Using mutate and a lookup/calc funtion

I wrote a function where I pass a company name to lookup in a 2nd table a set of records, calculate a complicated result, and return the result.
I want to process all companies and add a value to each record with that result.
I am using the following code:
`aa <- mutate(companies,newcol=sum_rounds(companies$company_name))`
But I get the following warning:
Warning message:
In c("Bwom", "Symple", "TravelTriangle", "Ark Biosciences", "Artizan Biosciences", :
longer object length is not a multiple of shorter object length
(each of these is a company name)
The company dataframe gets a new column, but all values are "false" where actually there should be both true and false.
Any advice would be welcome to a newbie.
Function follows:
sum_rounds<-function(co_name) {
#get records from rounds for the company name passed to the function
#remove NAs from column roundtype too
outval<- rounds %>%
filter(company_name.x==co_name & !is.na(roundtype)) %>%
#sort by date round is announced
arrange(announced_on) %>%
select(roundtype) %>%
#create a string of all round types in order
apply(2,paste,collapse="")
#the values from mixed to "M", venture to "V" and pureangel to "A"
# now see if it is of the form aaaaa (and #) followed by m or v
# in grep: ^ is start of a line and + is for ar least one copy
# [mv] is either m or v
# nice summary is here: http://www.endmemo.com/program/R/gsub.php
#is angel2vc?
angel2vc<-grepl("^a+[mv]+",outval)
#return(list("roundcodes"=outval,"angel2vc"=angel2vc))
return(angel2vc)
}
DPUT from Companies table Follows:
structure(list(company_name = c("Bwom", "Symple", "TravelTriangle",
"Ark Biosciences", "Artizan Biosciences", "Audiense"), domain = c("b-wom.com",
"getsymple.com", "traveltriangle.com", "arkbiosciences.com",
NA, "audiense.com"), country_code = c("ESP", "USA", "USA", "CHN",
"USA", "GBR"), state_code = c(NA, "CA", "VA", NA, "NC", NA),
region = c("Barcelona", "SF Bay Area", "Washington, D.C.",
"Shanghai", "Raleigh", "London"), city = c("Barcelona", "San Francisco",
"Charlottesville", "Shanghai", "Durham", "London"), status = c("operating",
"operating", "operating", "operating", "operating", "operating"
), short_description = c("Bwom is a tool that offers a test and personalized exercises for women's intimate health.",
"Symple is the cloud platform for all your business payments. Pay, get paid, connect.",
"TravelTriangle enables travel enthusiasts to reserve a personalized holiday plan with a local travel agent.",
"Ark Biosciences is a biopharmaceutical company that is dedicated to the discovery and development",
"Artizan Biosciences", "SaaS developer delivering unique consumer insight and engagement capabilities to many of the world’s biggest brands and agencies."

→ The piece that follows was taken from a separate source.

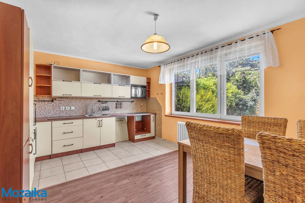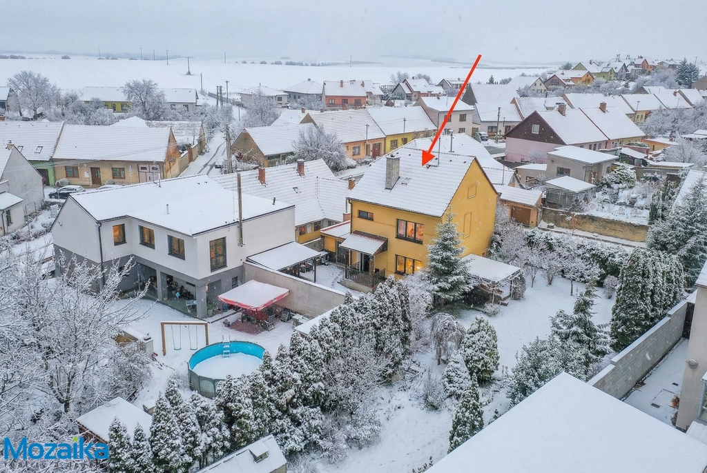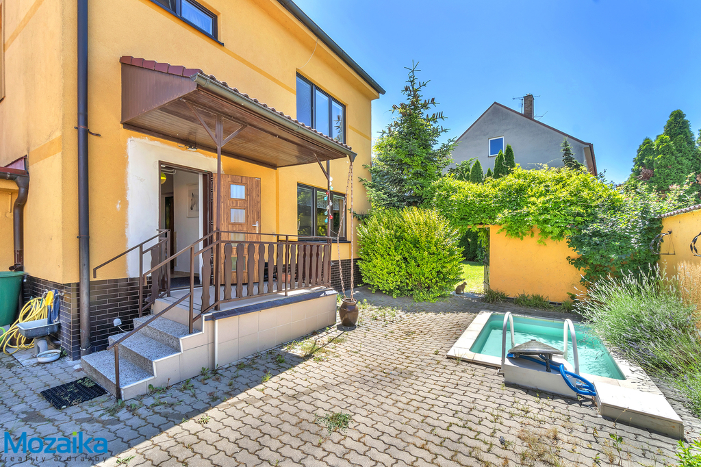 Rodinný dům s duší, nádhernou zahradou a bazénem – klidné bydlení v Křepicích u Hustopečí, kousek od Brna. Hledáte místo, kde si vy i vaše rodina opravdu odpočinete ? V klidné vinařské obci Křepice, jen pár minut od Hustopečí a s výborným napojením na dálnici D1 do Brna, nabízíme prostorný cihlový rodinný dům se zahradou jako z pohádky, garáží, sklepem a zapuštěným bazénem. Co vás čeká ? Dům kolaudovaný v roce 1989 prošel v roce 2010 důkladnou rekonstrukcí – došlo k zateplení, výměně oken za plastová, zbudování půdní vestavby s VELUX střešními okny, která vnáší do podkroví denní světlo. Všechna okna mají žaluzie a sítě proti hmyzu. Stavba je z větší části podsklepená , zateplená polystyrenem (10–15 cm). Ve sklepě najdete předsíň, kotelnu s kondenzačním plynovým kotlem BAXI (2020), prádelnu, sklad a technické zázemí s vodárnou napojenou na vlastní studnu a filtrací. Dispozice domu: • Přízemí: vstupní chodba, kuchyně, obývací pokoj, WC • 1. patro: tři pokoje (jeden s lodžií), koupelna s vanou • Podkroví: prostorná ložnice s krbovými kamny – ideální jako rodičovské útočiště nebo pokoj pro hosty Topení je řešeno kondenzačním plynovým kotlem s ústředním topením, v podkroví pak krbovými kamny pro útulnou atmosféru. Dům je napojen na elektřinu (220/380 V) a plyn. Voda je čerpána z vlastní studny s dostatečnou kapacitou a výbornou kvalitou. Odpady jsou svedeny do jímky, ale veřejný vodovod i kanalizace jsou k dispozici přímo u pozemku (projekt na připojení je schválen). Exteriér – soukromí a zelený ráj: Za domem se nachází dlážděný dvorek s krytým posezením, králíkárnou a zapuštěným bazénem s pískovou filtrací (2 × 3 m, hloubka 80 cm). Odtud vstoupíte do dechberoucí zahrady, která je díky zdem a zeleným stěnám naprostým soukromým útočištěm. Najdete zde: • vzrostlé stromy (cedry, korejské jedle, ovocné stromy a keře – meruňky, broskve, hrozny, maliny) • jezírko s filtrací – hluboké přes 1 metr, vhodné i pro ryby v zimě • zastřešenou pergolu (5 × 2 m) pro grilování nebo relax • skleník s automatickou závlahou, zahradní domek na nářadí a ohrádku pro slepice Kromě garáže u domu máte i prostornou branku do ulice ze zahrady – ideální pro příjemné procházky po okolí, nebo třeba složení dřeva pro krbová kamna. Lokalita: Křepice jsou živá vinařská obec na okraji Pálavy, jen pár minut od Hustopečí. Nabízí kompletní občanskou vybavenost – školu, školku, kulturní dům (mnoho zájmových akcí), knihovnu, organizace (mateřské centrum, skauti, kynologický klub, hasiči), poštu, hřiště, tenisové kurty, obchod, večerku i, řemeslníky (autoservis, kadeřnictví atd.), pravidelnou hromadnou dopravu (do 40 min. v Brně). Okolní krajina láká k pěší turistice, cyklistice i degustacím místních vín – ideální prostředí pro rodinu i klidný životní styl. Výhodou je rychlý dojezd do Brna, ať už autem nebo MHD. Tento dům je ideálním místem pro ty, kteří hledají komfortní a praktické bydlení s duší, obklopené přírodou, s dostatkem prostoru a naprostým soukromím. Přijďte se přesvědčit osobně – těšíme se na vaši návštěvu.

), category_list = c("health care", "cloud computing|machine learning|mobile apps|mobile payments|retail technology",
"e-commerce|personalization|tourism|travel", "health care",
"biopharma", "analytics|apps|marketing|market research|social crm|social media|social media marketing"

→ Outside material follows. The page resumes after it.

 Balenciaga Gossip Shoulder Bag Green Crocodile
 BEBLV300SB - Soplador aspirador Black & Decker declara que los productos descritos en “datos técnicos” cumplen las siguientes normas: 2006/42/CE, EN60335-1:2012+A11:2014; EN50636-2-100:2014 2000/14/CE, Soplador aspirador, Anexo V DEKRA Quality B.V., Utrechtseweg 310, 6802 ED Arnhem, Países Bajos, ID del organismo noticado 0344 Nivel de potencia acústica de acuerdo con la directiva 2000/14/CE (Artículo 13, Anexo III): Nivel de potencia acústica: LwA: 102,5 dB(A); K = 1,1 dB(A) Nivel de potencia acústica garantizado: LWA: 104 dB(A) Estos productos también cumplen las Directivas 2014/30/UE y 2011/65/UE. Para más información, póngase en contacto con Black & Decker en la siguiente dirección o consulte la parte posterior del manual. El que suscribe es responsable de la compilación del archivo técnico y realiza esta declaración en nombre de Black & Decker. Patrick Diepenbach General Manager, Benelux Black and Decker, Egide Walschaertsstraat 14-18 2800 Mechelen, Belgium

), category_group_list = c("health care", "apps|commerce and shopping|data and analytics|financial services|hardware|internet services|mobile|payments|software",
"commerce and shopping|travel and tourism", "health care",
"biotechnology|health care|science and engineering", "apps|data and analytics|design|information technology|internet services|media and entertainment|sales and marketing|software"
), employee_count = c("1 to 10", "11 to 50", "101 to 250",
NA, "1 to 10", "51 to 100"), funding_rounds = c(2L, 1L, 4L,
2L, 2L, 5L), funding_total_usd = c(1075791, 120000, 19900000,
NA, 3e+06, 8013391), founded_on = structure(c(16555, 16770,
15156, 16071, NA, 14975), class = "Date"), first_funding_on = structure(c(16526,
17204, 15492, 16532, 17091, 15294), class = "Date"), last_funding_on = structure(c(17204,
17204, 17204, 17203, 17203, 17203), class = "Date"), closed_on = c(NA_character_,
NA_character_, NA_character_, NA_character_, NA_character_,
NA_character_), email = c("hello#b-wom.com", "info#getsymple.com",
"admin#traveltriangle.com", "info#arkbiosciences.com", NA,
"moreinfo#audiense.com"), phone = c(NA, NA, "'+91 98 99 120408",
"###############################################################################################################################################################################################################################################################",
NA, "###############################################################################################################################################################################################################################################################"
), cb_url = c("https://www.crunchbase.com/organization/bwom",
"https://www.crunchbase.com/organization/symple-2", "https://www.crunchbase.com/organization/traveltriangle-com",
"https://www.crunchbase.com/organization/ark-biosciences",
"https://www.crunchbase.com/organization/artizan-biosciences",
"https://www.crunchbase.com/organization/socialbro"), twitter_url = c("https://www.twitter.com/hellobwom",
NA, "https://www.twitter.com/traveltriangle", NA, NA, "https://www.twitter.com/socialbro"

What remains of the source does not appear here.